Of course there's nothing wrong with trying to convince a young girl that there's no sense in killing herself, but it's Lori, so we all kinda want to gang up on her, right? That is, we do until Andrea comes in and the two of them have a holier-than-thou-off, with Andrea attempting to prove that she's not totally the most worthless person on the farm (and in this show) as Lori does the same for herself.

Ultimately, Andrea's decision is to trick Maggie from watching over Beth so that she can leave Beth to her own devices and let her "make her own choice." You can translate that as "let her lock herself in the bathroom and cut her wrist with a piece of mirror." Listen, I'm all for letting people make their own choices, but don't you think her FATHER should have at least known something about this beforehand?

The theme here seems to be, as it has been all season, the changing attitudes toward the value of life in this post-apocalyptic world. Is it now okay to kill people? Is it okay to kill yourself? In a normal society, you'd be locked up for the former and locked up for attempting to do the latter. But here, one is a survival tool and the other is just an alternative choice of how to go.
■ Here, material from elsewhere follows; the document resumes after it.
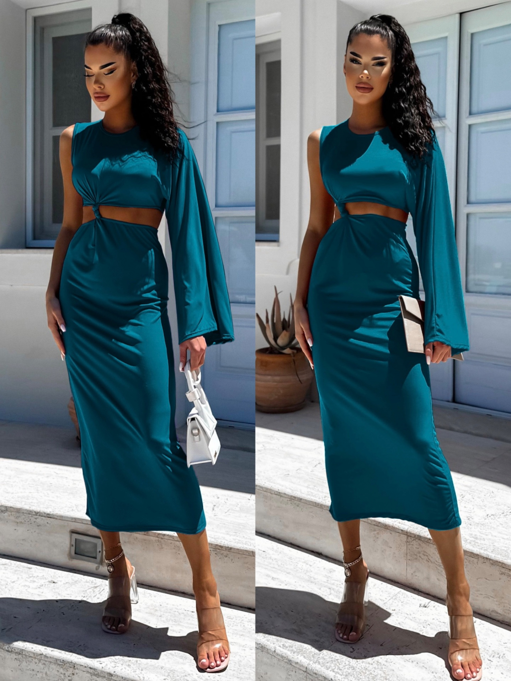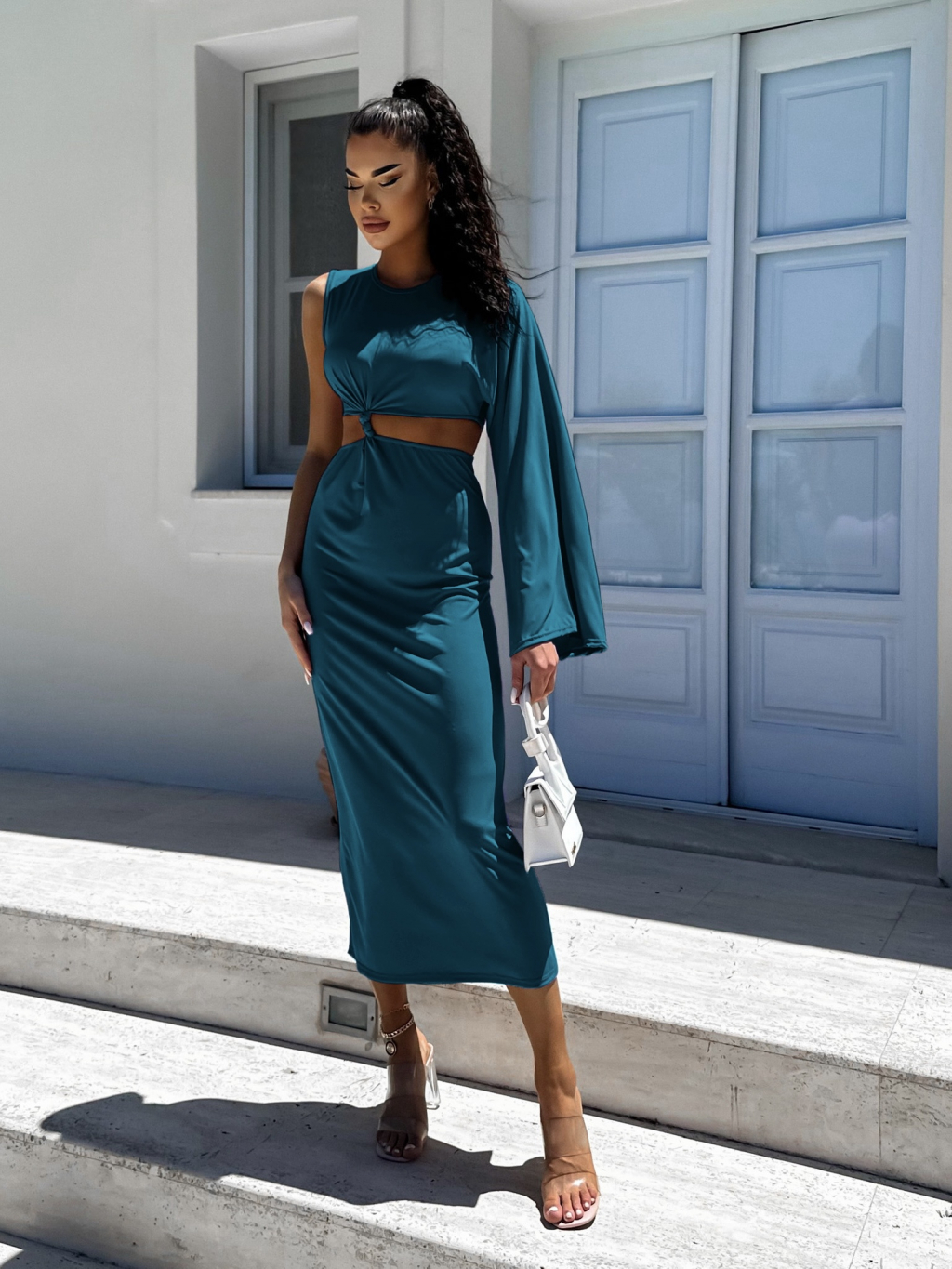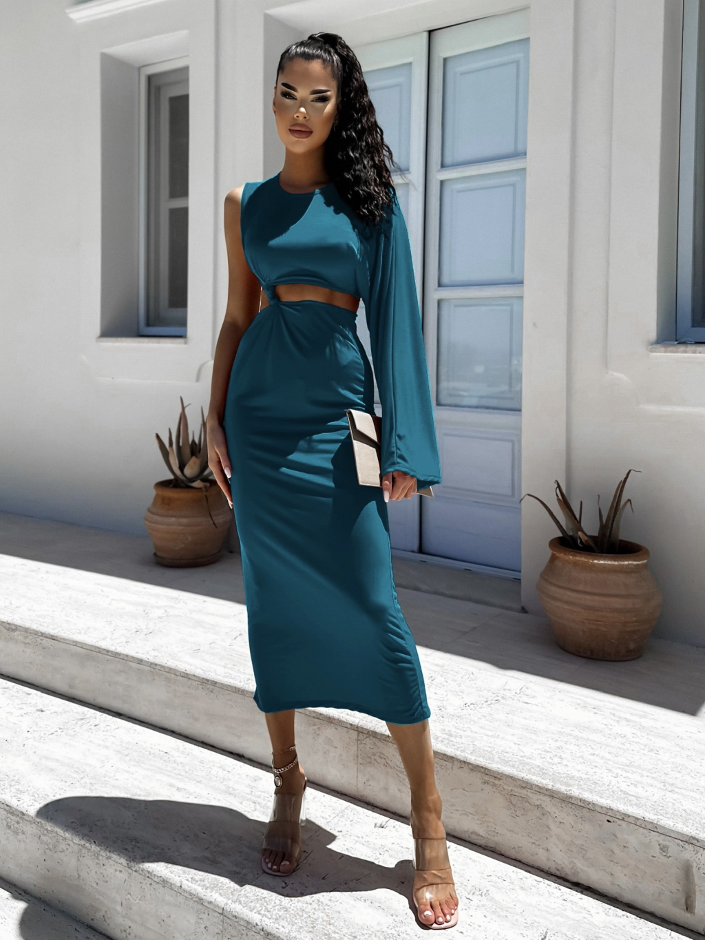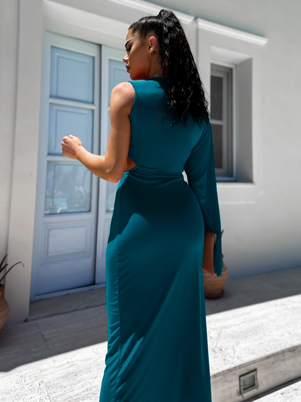 Petrolejové dlouhé elegantní šaty NONIENY s průstřihem

There is a nice parallel between Rick's bit about knives, how they should use them more and how they're quieter and cleaner, and the fact that Beth was attempting to use a knife for a clean, quiet death as well. Another fantastic moment as Shane goes completely rageball and throws a wrench at Rick's head... we now know that Shane truly is dangerous, and fully capable of attempting to kill Rick if provoked.

Will Rick just pat Shane on the head again and call it good? Will the writers kill Andrea already so they don't have to worry about checking up on her? Is T-Dog still a character, even?

Hey, as long as people keep shooting zombies through another zombie's head, and lines like "she'll get a husband, son, baby... boyfriend," then I'm good. Keep it coming.